Tuesday, October 6, 2009

Training to look


This is not Marx with bazooka, although that will be equally intriguing. This is Miroslav Tichy with one of his self-made cameras. Out of trash, antithetical to all the dazzling megapixel ones, the old man's camera is laughing at us: that we have paid too much attention to the media and forgot about looking. In what ways should we train our "look"?

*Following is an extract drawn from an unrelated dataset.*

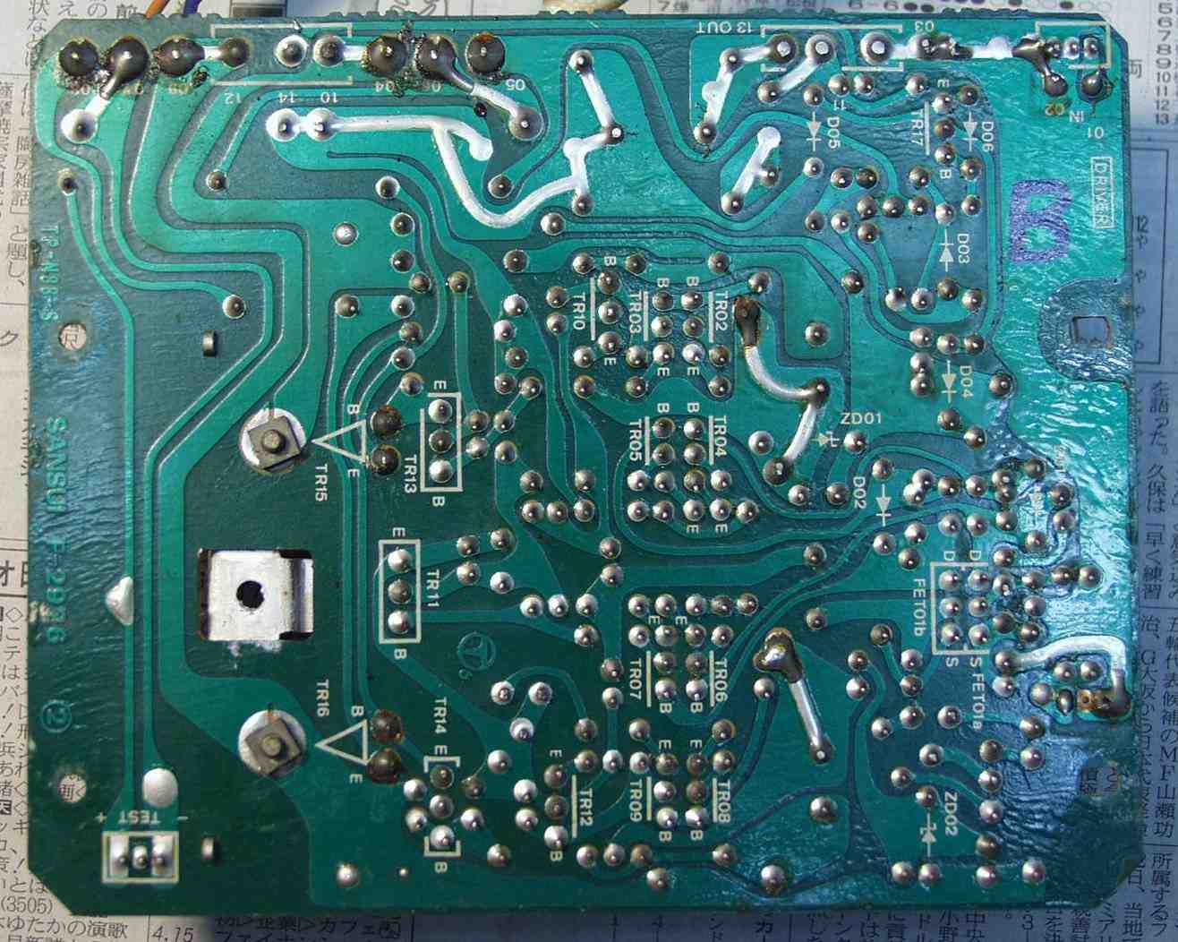 | C−3C. 修理前 電源整流+プロテクト基盤裏 |

When all the frustrations of apertures, speeds, focuses, lights, filters, angles, . . . have come to no salvation of mediocrity, to concentrate on the essence of looking means, for one thing, to forget worrying about how many functions your cameras have and how expensive they are. 
Laughable as it is, it is 100% designed and crafted by this old man -- for the most sensual looking. How to look at your subjects and be certain about the pictures you want to take seems to be a much better subject to think about for every photographer, and also not only limited to photographers. And the results (See the picture right below) seem to cast serious doubts on the cameras we each have in our hands: Do we need to spend what we have spent for the cameras that nevertheless do not seem to excel this old man's, judging by the results? Are we using the expensive cameras to hide our deep insecurity of our inability/mediocrity? With all the worries of the control details and technical know-how, buttons to push and wheels to turn, we seem to be further away from the question of looking, from why and how we need to be closer to our photo subjects.  There always seems to be something that hinders us from coming closer to the subject -- caressing it with our minds and hands, desire and love, contemplation and action. 
Here comes the old man, an antihero of a commodity-fetishized world, quenching us inside his trash camera world and forcing us to rethink the potentials of whatever we have in our hands and our minds. With his old eyes and old desires, he is looking at the subject, single-mindedly. At the least attentive and unnoticed moment, he triggers the click.